A lot of chirping from two of the eggs, so I went ahead and put them back in the cage nest. Our male went right to them nestled them around and has been sitting on them non-stop. He is actually very protective of them - oh yeah.... I now have another bandaid on my hand - hee hee.

Our female seems to care less about them, but we will keep a close eye on the interaction.

The other two eggs - The gray one ( which I assume is the most mature ) doesn't look promising via candling. Only about 1/3 of it shows a dark mass, and rotating it shows a lot of liquid, appears real watery. But there are veins showing. The remaining egg doesn't show any veins, even if it was the last laid it has been 14 days. Even so. I'll keep them incubated for awhile longer.

I'll post back any changes - thanks for "hanging in there" with me.

Keith


----------



## srtiels (May 1, 2009)

OK...YAY!!!...Let the male have the eggs. KEEP the female AWAY. I'd be afraid she may harass him and harm the babies.

The dark fluidy egg, trash it. The one with no veins, add to the clutch with the others. As long as the egg is kept warm by the Daddy. the egg will hold warmth that will help keep any chicks warm when daddy bird leave to eat. The babies will also use this egg to prop their little head on.

Please keep us posted. GO DADDY BIRD...WHAT A GOOD BIRD


----------



## srtiels (May 1, 2009)

Don't get alarmed when you see the parent off the nest eating when some babies hatch. if there is other eggs still due to hatch they will use these as warmth.
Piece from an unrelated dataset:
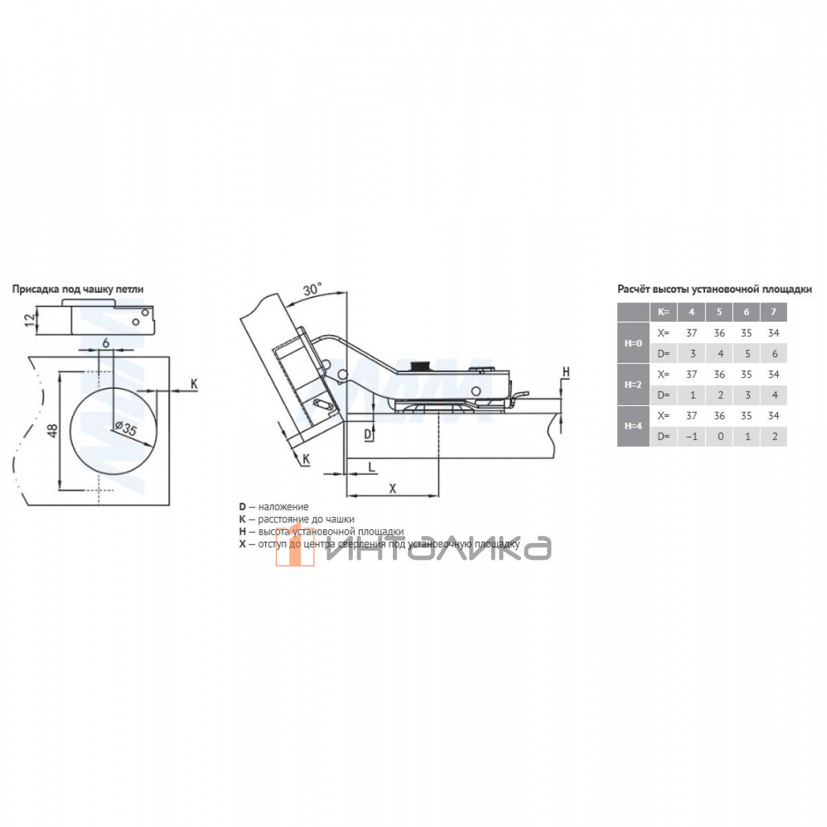 HARMONY PLUS петля без амортизатора угловая (+30/95), HB30-ND

If you think they are getting cold when the parent is off them the easiest way to check is to hold the palm of your hand 1" above their backs. If you feel heat radiating from them, they are fine. 

OK...if all your eggs hatch out you may have to help daddy bird feed. Here is an assist hatch article that tells some things to look for and when you need to help out:
http://justcockatiels.weebly.com/assist-feeding-chicks.html

And (moderrators *please* allow this link) this is a link to another forum I have been posting to. It starts off with a video showing feeding an assist hatch baby someone brought her: http://forums.avianavenue.com/nursery-rhyme-drive/7578-little-baby-cockatiel.htm Her experience has been rather rocky, so there is some info you can watch for, just in case you have to hand feed from day 1, and also if problems arise, what to do.
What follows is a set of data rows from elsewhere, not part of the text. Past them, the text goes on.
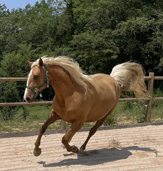 Un cadeau de la Vie qui se prénomme Loréa Dos Prados...💝 ❣️Ce qui la caractérise : la beauté, le charisme, la subtilité, l'intelligence, la pétillance, la facilité de lien avec les humains... ❣️Loréa est une jument exceptionnelle, en quête de son humain(e) de cœur qui saura voir en elle l'être merveilleux qu'elle est. La Belle aspire à un lien privilégié avec son humain(e), tout en conscience, pour une vie riche en expériences et en amour partagé. ❣️Loréa est née le 19 février 2021 et a des papiers OC. Elle est la fille de Romane (photo ci-dessous), hispano-barbe-arabe (de son vrai nom Romance) par Djebel Des Balmes (AB), et de Sénador Dos Prados (photo ci-dessous), étalon pp Crème d'origine Lusitanienne, champion de France des 2 et 3 ans en 2008 et 2009 et vice-champion des mâles en race Crème en 2010. ❣️Elle mesure 1m60 et a une sublime robe palomino cuivrée. Elle a un corps harmonieux et de belles allures amples et élastiques. ❣️Dotée d'une grande facilité d'apprentissage, toujours très curieuse et enthousiaste, elle sera une jument très polyvalente. Le débourrage sera d'ailleurs pour elle une formalité. ❣️Loréa aspire à une vie en troupeau en plus de son lien unique avec sa ou son humain(e). Elle vit en troupeau depuis toujours, éduquée par ses parents, et entourée par sa famille. ❣️Elle bénéficie d'une alimentation de très bonne qualité, ainsi que des soins réguliers en ostéopathie, en soins énergétiques et en communication animale. Elle est bien sûr vermifugée, parée et a déjà vu le dentiste. ❣️Si Loréa touche votre cœur, avec plaisir pour vous accueillir et venir la rencontrer sur son lieu de vie en Ariège. 🙏Plus de renseignements en MP ou au 0616824610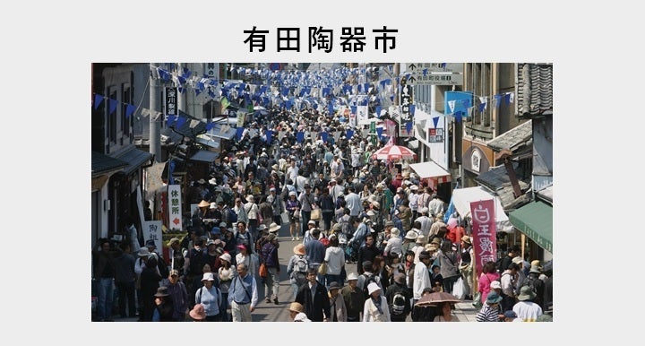 有田は磁器をつくるための道具や絵具、型屋、素地屋、窯元、上絵屋、箱屋等の職人、卸問屋や販売員など様々な専門家が集積している分業の町です。世界でも極めて珍しい磁器の集積地「有田」には国内にとどまらず海外からも多くの方が訪れて交流しています。そして、年1回開催される「有田陶器市」には国内外から100万人以上の人が訪れ、有田は活気に満ちます。(2020年・2021年はコロナにより中止)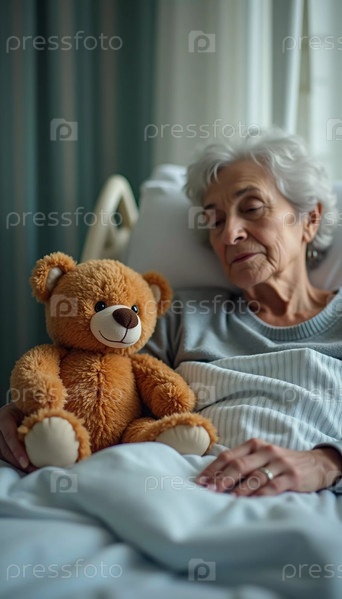Пожилая женщина отдыхает на больничной койке, ее взгляд нежно устремлен на плюшевого мишку рядом с ней. Этот тихий момент передает суть комфорта и стойкости в сложные времена

GOOD LUCK, and I hope you have healthy happy beautiful babies


----------



## keith1 (Jan 4, 2008)

Daddy bird is doing a very good job thus far. We will move the female to the other cage as suggested. Maybe because this is her first clutch and she's only 14 months old she just doesn't know how to "handle it" yet.

Daddy bird is so protective, if we even approach the cage he spreads his wings to cover his "treasure" and hisses. But we think that's a good sign - we just leave him alone.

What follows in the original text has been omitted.